## REQUIRED WORK
Your reply should be the whole listing, copied exactly, with the pictures left out.

---- THE DATA

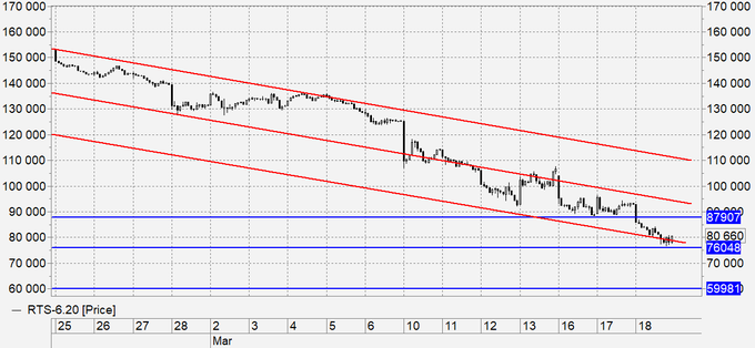 Индекс РТС: не стали мы разворачиваться от района 85000 и продолжили обесценивать активы олигархов вплоть до 76000. Такими темпами список русского Форбс будет выглядеть так, что на первом месте обоснуется некто со скромным состоянием в сто миллионов долларов, не более. Шансы на откат к 87000 существуют. Возможны точечные покупки при постоянном нахождении у монитора. После прохода 85000 вниз, стратегическая цель у нас теперь находится на 60000.
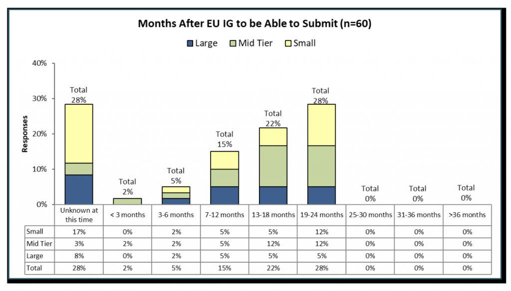 Plus précisément, l’enquête a demandé aux sponsors d’estimer combien de mois après la publication du Guide de Mise en Oeuvre final du 1er tour de l’UE ils comptent pouvoir soumettre à l’EMA des soumissions conformes à SPOR.
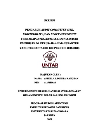 KANGEAN, STELLA LEONITA (2021) PENGARUH AUDIT COMMITTEE SIZE, PROFITABILITY, DAN BLOCK OWNERSHIP TERHADAP INTELLECTUAL CAPITAL (STUDI EMPIRIS PADA PERUSAHAAN MANUFAKTUR YANG TERDAFTAR DI BURSA EFEK INDONESIA PERIODE 2018-2020). Skripsi thesis, Universitas Tarumanagara.
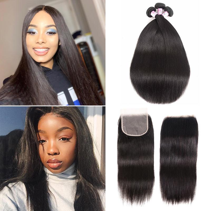 Beautyforever Indian Straight 3 Bundles With Free Part 5x5 HD Lace Closure

--------

## RESULT FOR THIS EXERCISE
 Индекс РТС: не стали мы разворачиваться от района 85000 и продолжили обесценивать активы олигархов вплоть до 76000. Такими темпами список русского Форбс будет выглядеть так, что на первом месте обоснуется некто со скромным состоянием в сто миллионов долларов, не более. Шансы на откат к 87000 существуют. Возможны точечные покупки при постоянном нахождении у монитора. После прохода 85000 вниз, стратегическая цель у нас теперь находится на 60000.
 Plus précisément, l’enquête a demandé aux sponsors d’estimer combien de mois après la publication du Guide de Mise en Oeuvre final du 1er tour de l’UE ils comptent pouvoir soumettre à l’EMA des soumissions conformes à SPOR.
 KANGEAN, STELLA LEONITA (2021) PENGARUH AUDIT COMMITTEE SIZE, PROFITABILITY, DAN BLOCK OWNERSHIP TERHADAP INTELLECTUAL CAPITAL (STUDI EMPIRIS PADA PERUSAHAAN MANUFAKTUR YANG TERDAFTAR DI BURSA EFEK INDONESIA PERIODE 2018-2020). Skripsi thesis, Universitas Tarumanagara.
 Beautyforever Indian Straight 3 Bundles With Free Part 5x5 HD Lace Closure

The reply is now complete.